First, we visited Bonaventure Cemetary, which is out on the Savannah River. We actually passed it on the river when we were out in Nonchalance. There were lots of old graves with markers dating from the 1830 and 1840s when the downtown colonial cemetary filled up and "new arrivals" had to come here. Some of the memorial stones carried very poinient sentiments and some sones were carved beautifully and artfully.
There also was a veteran's section with many WWI, WW2, and some Korea and Vietnam era veterans. I found this little sign to be a bit out of charactor with the feeling, but I guess there's always room for a little marketing message.Savannah's downtown riverfront area is very old and quite interesting, the only problem being that this is high tourist season and there's a constant traffic jam and no parking available. Of course, cotton was king in the early days, like 1800 to 1860. This is the Cotton Exchange where cotton bales were bought and sold before being loaded onto sailing ships bound for Europe and the northern states.
This is the charthouse, now a restaurant on the riverfront. The cobblestone streets here and some of the buildings were made from the ballast stones carried here in sailing ships that needed extra weight to sail here empty to pick up cotton.
All along the riverfront, there's a nice mixture of tourist shops, restaurants and downtown businesses.
All along the riverfront, there's a nice mixture of tourist shops, restaurants and downtown businesses.
Some of the really big ships sail right past downtown on their way to the Class A seaport. Larry thought this might be a natural gas transport ship.
After lunch, we visited the Central Market which was a few blocks of street with pedestrian traffic only, lined with mostly art shops and art studios, mixed in with a few fudge shops and t-Shrit shops plus the horse drawn carriage tours. The horses were very tolerant of tourist's kids patting them on the forehead. I liked the shop that had many carved wood birds, including this American Bittern, doing it's bitern thing, looking like a vertical stand of reeds.
In the afternoon, we visited the downtown colonial cemetary (the one that filled up about 1840). It had the graves of some famous colonial and revolutionary Americans like Button Gwinnett, signer of the Declaration of Independence, Archibald Bulloch a staunch revolutionary supporter and member of the 1775 Continental Congress where he won John Adam's praise. He was also Teddy Roosevelt's great, great, grandfather.

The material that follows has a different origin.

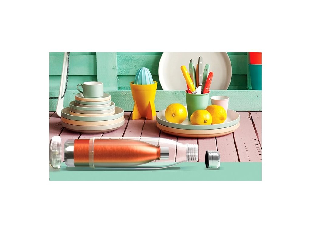 Praktická trendy termo láhev s termoizolační dvojitou stěnou, která udrží teplotu horkých i studených nápojů.

This is the grave of 3 Habersham brothers that all served as officers in the Revolutionary War - Joseph, John and James. John Habersham was also a member of the Continental Congress, Collector of the Port of Savannah and firts trustee of the University of Georgia.
This evening, we dropped off Julie and Larry at the airport for their return to Houston. They rented their car for a week and were here 6 days so they gave us the car for the 7th day, which really comes in handy. It was nice to have them as fun guests on the boat with us.